The file system interface is implemented through CephFS. Both data (file content) and metadata (directories, files) in the CephFS file system are stored on the OSD in the form of objects. The client can be mounted in application layer mode using ceph fuse or in kernel mode using the kernel's mount ceph. Both modes communicate with the MDS to obtain the directory structure information of the file system and access the corresponding OSD. The metadata of CephFS is also stored in the object, the prefix of the object is msd_, and the stored content includes the index node, metadata log and snapshot of the file system. When MDS starts, it will read the file system metadata object and cache it in memory, and the client needs to communicate with it to query or update the metadata information.

Ceph is a general-purpose distributed file system, suitable for different scenarios. The optimization of the internal mechanism will improve the performance of all scenarios, but the difficulty and complexity of optimization are also the highest.

In a distributed storage system, data is distributed across a large number of storage servers, and most distributed storage systems directly use local file systems to store data, such as HDFS and Luster. A high-performance, highly reliable distributed storage system is inseparable from an efficient, consistent, stable, and reliable local file system. The code of the local file system has been tested and optimized for performance for a long time, and there are corresponding solutions for data persistence and space management. The file system provides a POSIX interface, through which the distributed file system can switch between different local file systems.

Early versions of Ceph used the method of storing objects in the storage backend of the local file system, which is called FileStore. FileStore puts objects and object attributes on the local file system through the POSIX interface, such as XFS, ext4, btrfs, etc. Initially, object attributes were stored in POSIX extended file attributes (xattrs), but when object attributes later exceeded the size or count limit of xattrs, FileStore stored object attributes in LevelDB. The reasons why the local file system cannot be well adapted to Ceph's object storage requirements mainly include the following aspects.

1) The separation of data and metadata is not complete, resulting in slow object addressing. FileStore places objects in different directories according to their prefixes. Objects need to be addressed multiple times when they are accessed, and files in the same directory are not sorted.

2) The local file system does not support object transaction operations. In order to support the characteristics of write transactions, FileStore uses the write-ahead log function to ensure the atomicity of transactions. This leads to the problem of "double writing" of data, resulting in a waste of half of the disk performance.

3) The local file system also has operations such as logs to ensure consistency, which further leads to write amplification.

The drawbacks of using the local file system as backend storage lead to poor performance of FileStore. Our test results show that the write performance of the block storage service under the condition of three copies cannot even reach 1/3 of the performance of the hard disk itself.

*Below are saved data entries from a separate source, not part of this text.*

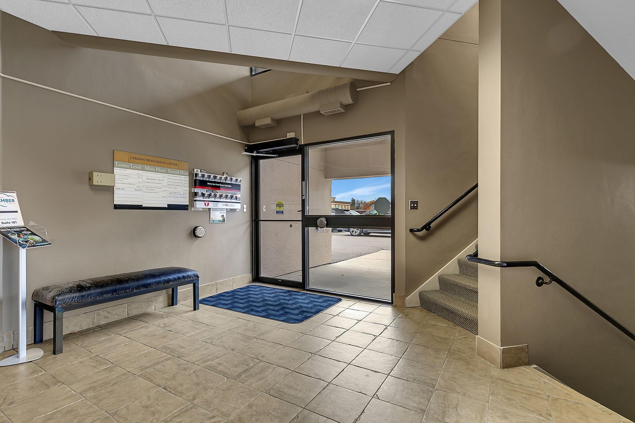 Professional office space available for lease located Downtown St. Cloud on W St Germain St. 4 suites available for lease. 1988 SF on main level facing W St Germain St (Suite 103 - $14.00/SF, $8.31/SF CAM), 660 SF on 2nd level (Suite 201 - $9.75/SF, $8.31/SF CAM), 1518 SF on 2nd floor ($9.75/SF, $8.31/SF CAM), & 2378 SF on lower level (Suite 5 - $7.00/SF, $8.31/SF CAM). Professional and well maintained building. Tenants include St Cloud Area Chamber of Commerce & St Cloud Area Convention & Visitors Bureau, Crown Properties, Granite Financial. Private parking lot provides plenty of free parking. Windows throughout the building and suites provide natural light.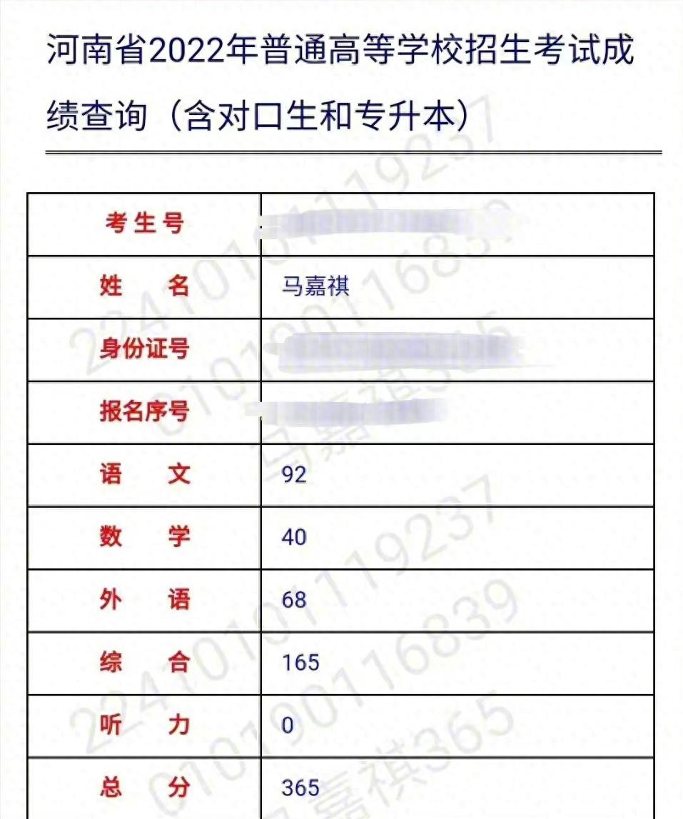 马嘉祺单科成绩分别是:语文92,数学40,外语68,综合165,听力0分。其中数学只考了40分,遭到大量网友嘲讽。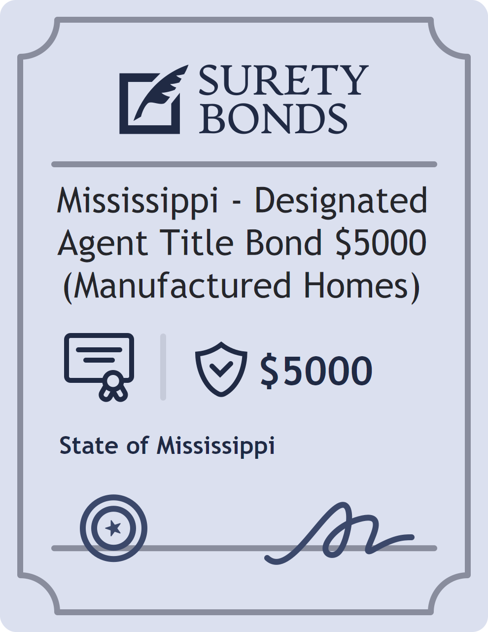 Mississippi – Designated Agent Title Bond $5000 (Manufactured Homes) Bond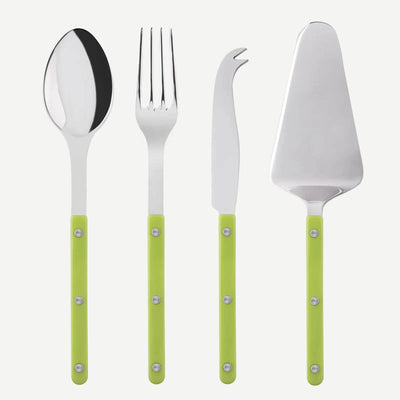 With the Bistrot collection, Sabre were inspired by some of their favourite places: restaurants, terraces and cafés. When designing this cutlery they wanted to faithfully capture the atmosphere while adding a modern touch: the styling is simple, the rivets are visible, while the colours and materials stand out nicely. From red to blue, not forgetting the superb materials with horn or tortoise effects. Available with gloss or vintage finishes, we’re sure you’ll enjoy this collection, which is designed to be both traditional and contemporary at the same time. This Bistrot set is composed of 4 must-have serving pieces for all your daily meals. It includes serving cutlery (fork and spoon), a large cheese knife and a cutting pie server to serve all your dishes. This set is the essential complement to your cutlery!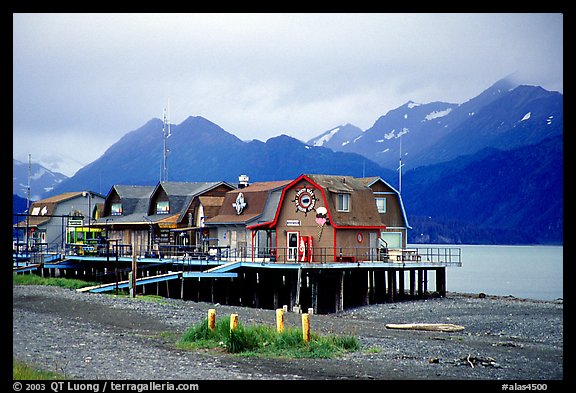 Stilt houses on the Spit, Kenai Mountains in the backgound. Homer, Alaska, USA
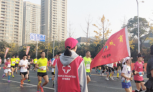 我院200名志愿者队伍分别由来自医药与健康分院、经济管理分院、语言文学分院、建筑工程分院、信息与机电工程分院、纺织服装与艺术设计分院等6个分院的优秀学生组成,其工作区域分布在解放大道、二环北路、迪荡湖路、胜利东路、中兴路、鲁迅故里、府山横街和环城西路等路段,协助医护人员负责赛道医疗观察,确保每一位参赛运动员的生命安全,并当好啦啦队和其他保障任务。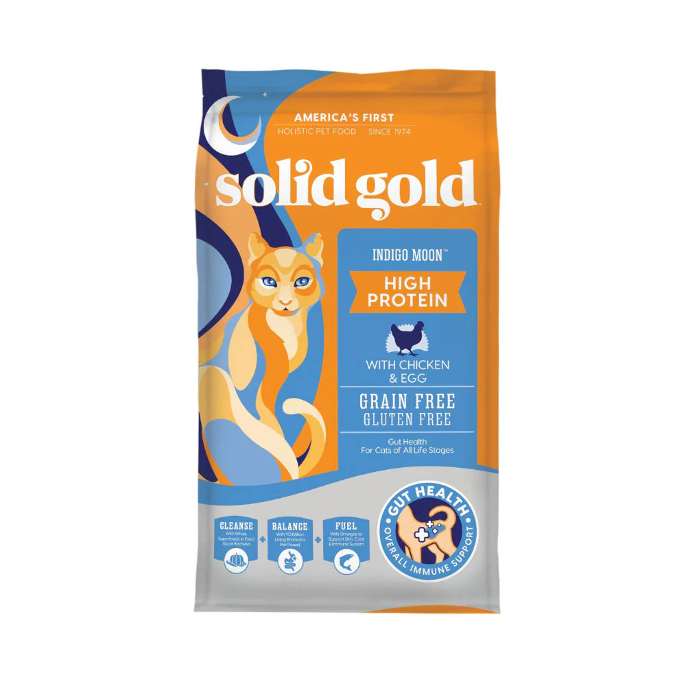 سوليد جولد إنديجو مون طعام جاف للقطط البالغة خال من الحبوب والجلوتين بنكهة الدجاج والبيض غني بالبروتين وخالي من الحبوب، ويحتوي على دجاج طبيعي من مصادر مستدامة وبيض كامل مليء بالعناصر الغذائية، بالإضافة إلى مزيج فريد من السوبرفودز لدعم صحة الجهاز الهضمي والمناعة.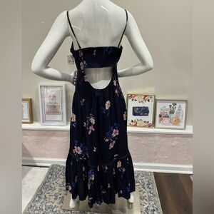 Just as versatile as it is vintage-inspired, this timeless midi dress is featured in a staple strapless design and femme floral print with empire waistline and ruffled bottom hem for added shape and dimension.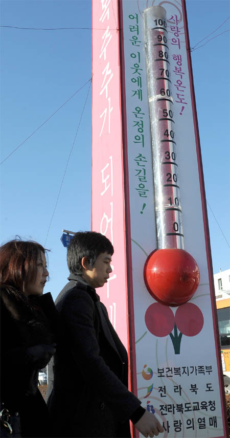 25일 전주 종합경기장 사거리에 설치된 사랑의 온도계가 103.1℃를 가리키고 있다.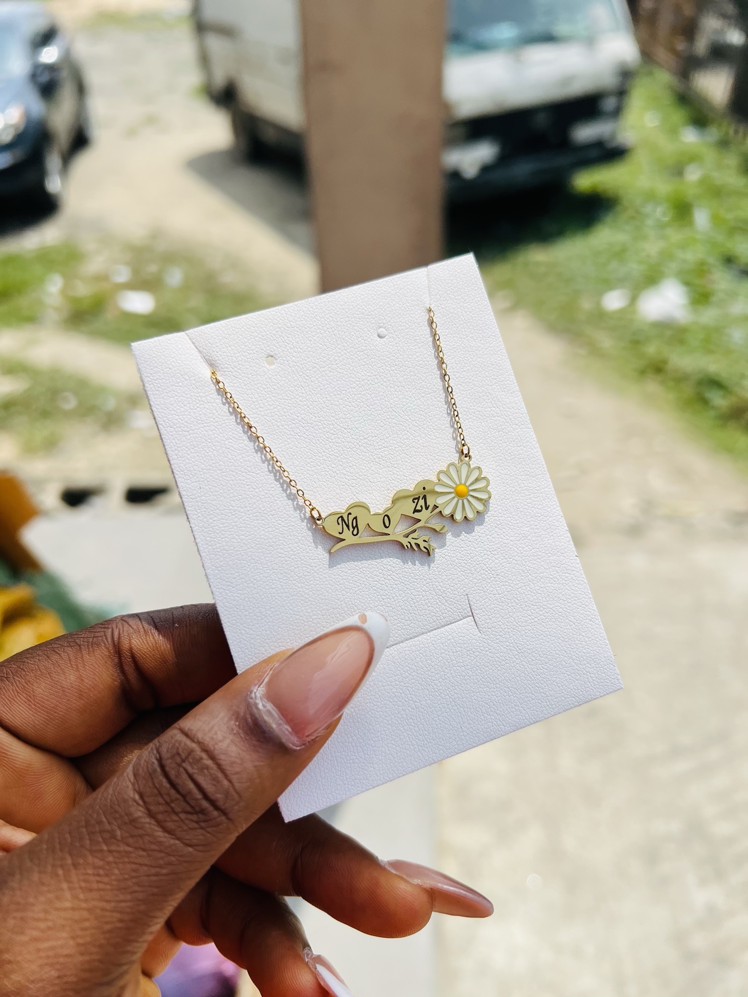 Previous Product Next Product Engraved sunflower necklace ₦6,500 Category: Customizables 30 in stock Engraved sunflower necklace quantity Buy Now Reviews (0) Reviews There are no reviews yet. Be the first to review “Engraved sunflower necklace” Cancel replyYour email address will not be published. Required fields are marked *Your rating * Rate… Perfect Good Average Not that bad Very poor Your review *Name * Email * Save my name, email, and website in this browser for the next time I comment. Opens in a new window Tweet This Product Opens in a new window Share on Facebook Opens in a new window Pin This Product Opens in a new window Mail This Product Related products Quick View Quick View CustomizablesGold Engraved block necklace ₦4,500 Buy Now Quick View Quick View CustomizablesBlack stretchy bracelet ₦6,599 Buy Now Quick View Out of Stock Quick View CustomizablesBaby Gold engraved bracelet with crown charms ₦4,500 Read more
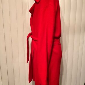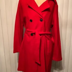 This lovely Nanette Lepore has a wool feel. The label doesn't show the fabric type so we can't verify it's wool. This coat comes with a belt, all buttons and two pockets. This coat is elegant, light weight and ready for winter and fall. This coat even looks better than the pictures. Take a look at our other coat listings.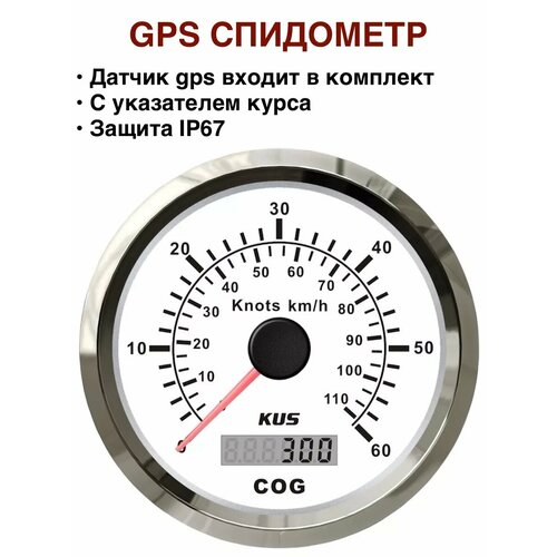 Многофункциональный GPS спидометр со встроенным указателем курса для катера, лодки, вездехода. GPS датчик входит в комплект. Не требует подключения трубки Пито, отображает информацию с момента подключения питания.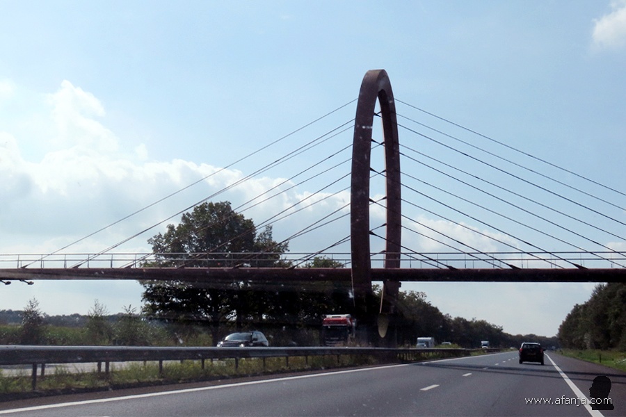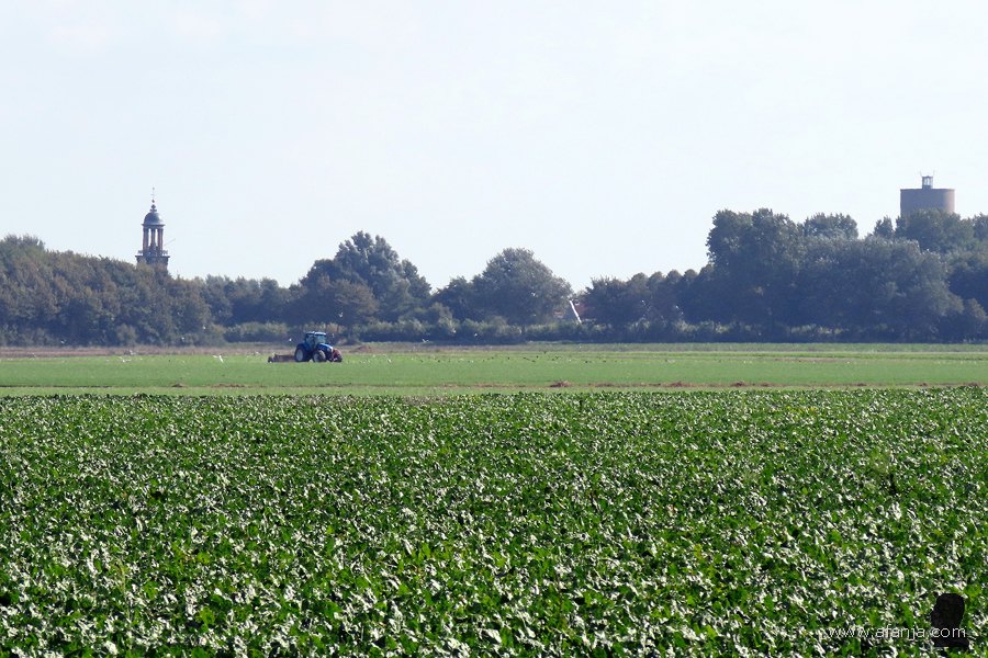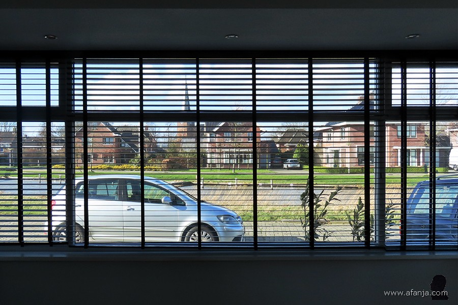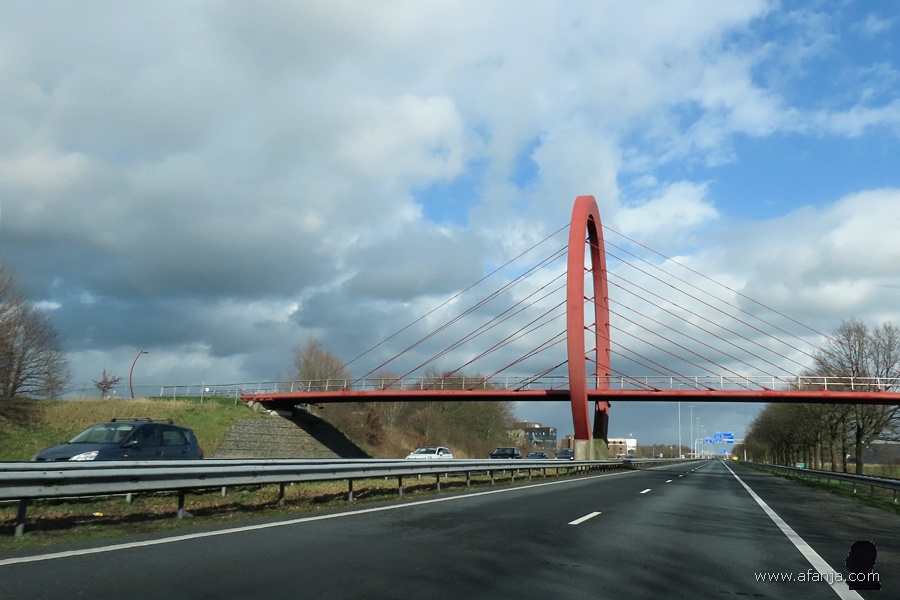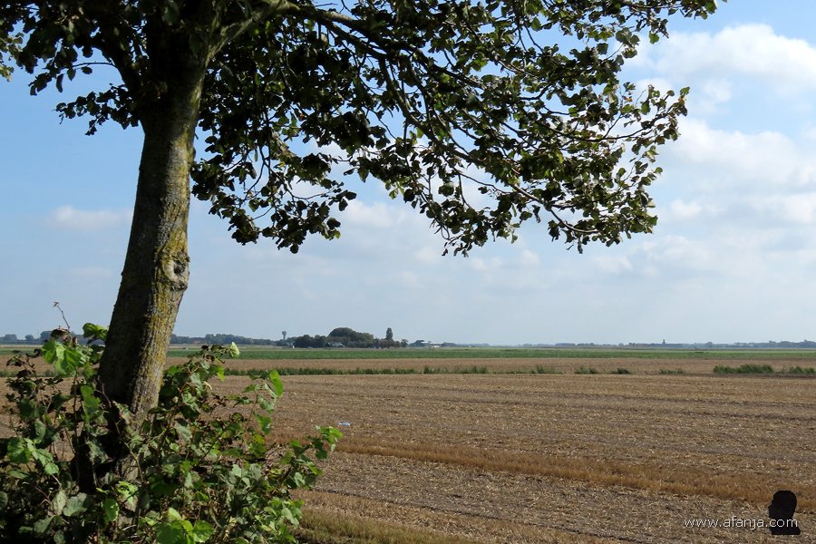 Onderweg op e-bike en i-Lark had ik verteld, dat ik maandag zwarte sterns had gefotografeerd bij de vogelkijkhut ‘Blaustirns’. Echt mooi waren die foto’s niet geworden, omdat het bewolkt was op dat moment. Aafje, die ons nog niet had verwacht, vond het prima dat we nog even naar de Leijen zouden rijden om er hopelijk nog wel wat zonnige foto’s van te kunnen maken. Ditmaal pakten we de auto. Een minuut of 20, nadat we Drachten hadden verlaten via de fietsbrug de Slinger (foto boven), keken we vanuit de vogelkijkhut uit over de Leijen …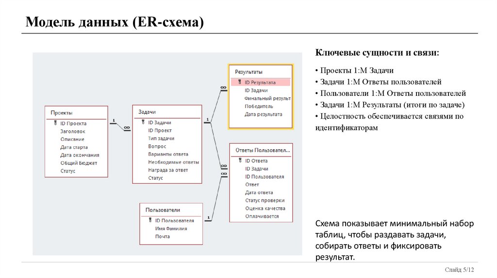 • Целостность связей: пользователь - ответ, задача - ответ, проект - задача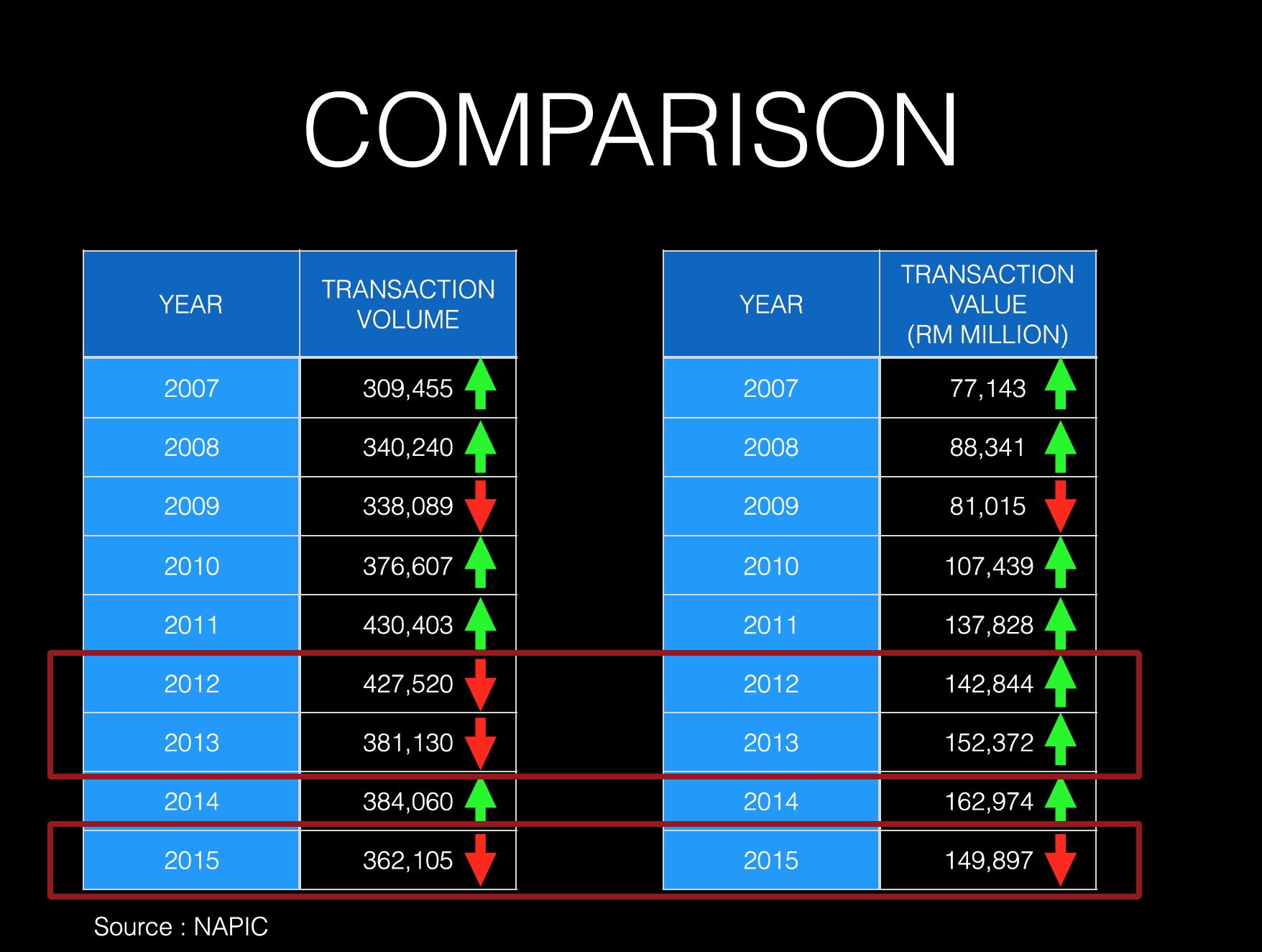 In terms of value, residential property transactions dropped by 10.47% in 2015, following strong increases of 13.88% in 2014, and 6.34% in 2013.

In response to the defects of FileStore, the Ceph community redeveloped BlueStore in 2015. The logical structures of the two storage backends are shown in the figure. BlueStore shortens the IO path by directly managing raw devices. The Ceph community designed a simplified file system, BlueFS, which bypasses the local file system layer and solves the problem of inefficient traversal of the file system hierarchy. It uses KV index to store metadata, strictly separates metadata and data, and improves indexing efficiency. These improvements solve the problem of "double writing" in the log and bring about a greater improvement in read and write performance.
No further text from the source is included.